### [Exercise data]
┄┄┄┄┄┄

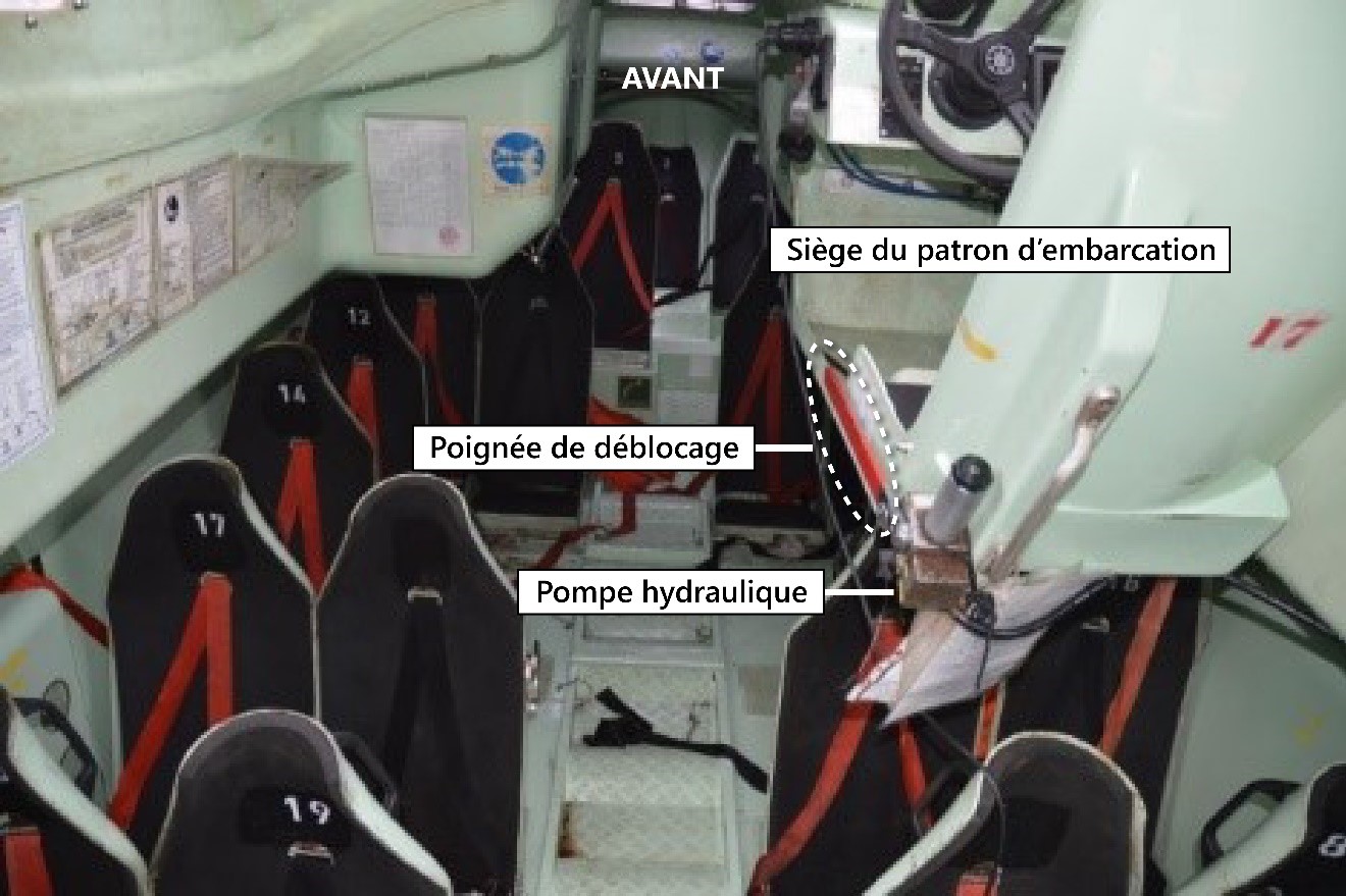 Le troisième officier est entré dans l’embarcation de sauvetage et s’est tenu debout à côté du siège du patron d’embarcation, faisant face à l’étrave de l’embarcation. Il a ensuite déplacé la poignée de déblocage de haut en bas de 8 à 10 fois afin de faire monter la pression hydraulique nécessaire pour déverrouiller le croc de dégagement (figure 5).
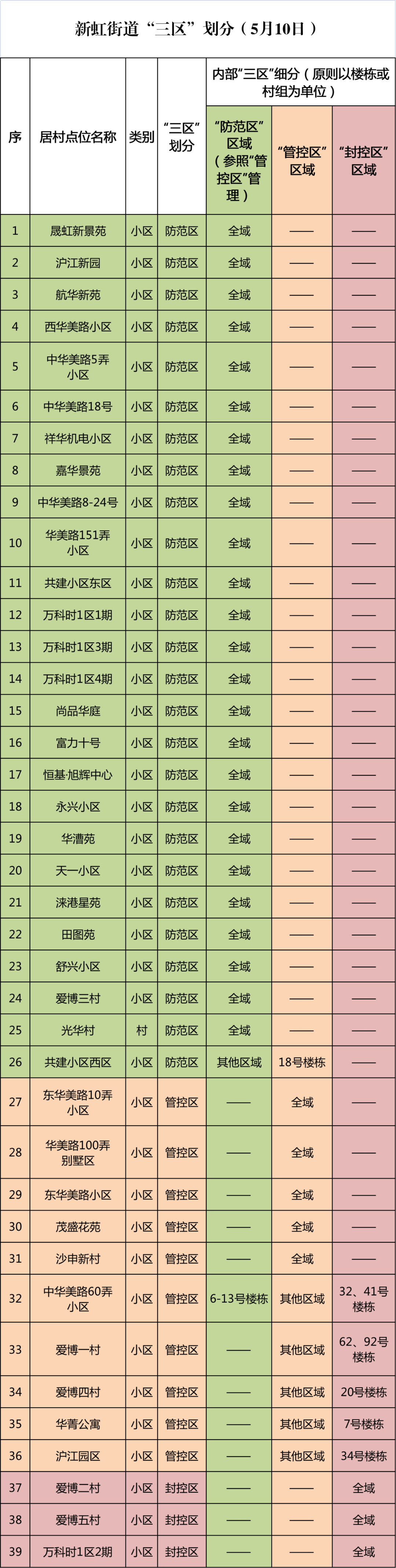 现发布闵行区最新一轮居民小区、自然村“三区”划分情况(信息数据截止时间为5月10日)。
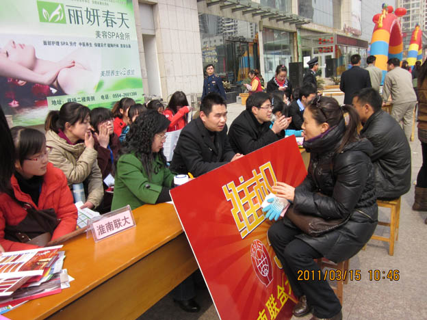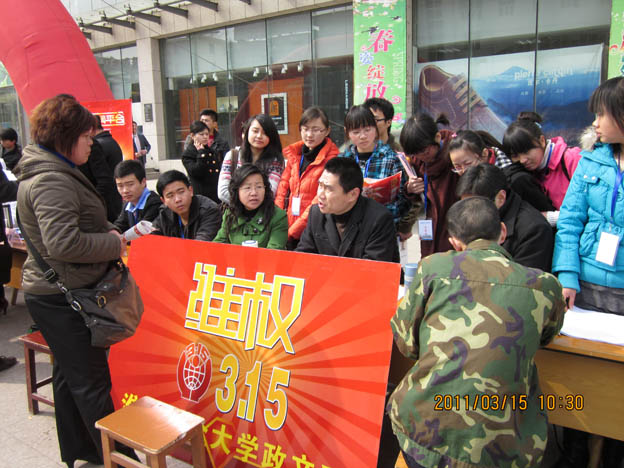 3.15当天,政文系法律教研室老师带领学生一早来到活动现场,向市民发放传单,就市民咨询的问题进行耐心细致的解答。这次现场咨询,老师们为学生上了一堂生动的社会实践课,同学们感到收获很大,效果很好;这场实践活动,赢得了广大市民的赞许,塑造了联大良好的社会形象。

┄┄┄┄┄┄

### [What is expected]
Reproduce all the data as it stands. The pictures are not part of the copy.

### [Exercise response]
 Le troisième officier est entré dans l’embarcation de sauvetage et s’est tenu debout à côté du siège du patron d’embarcation, faisant face à l’étrave de l’embarcation. Il a ensuite déplacé la poignée de déblocage de haut en bas de 8 à 10 fois afin de faire monter la pression hydraulique nécessaire pour déverrouiller le croc de dégagement (figure 5).
 现发布闵行区最新一轮居民小区、自然村“三区”划分情况(信息数据截止时间为5月10日)。
 3.15当天,政文系法律教研室老师带领学生一早来到活动现场,向市民发放传单,就市民咨询的问题进行耐心细致的解答。这次现场咨询,老师们为学生上了一堂生动的社会实践课,同学们感到收获很大,效果很好;这场实践活动,赢得了广大市民的赞许,塑造了联大良好的社会形象。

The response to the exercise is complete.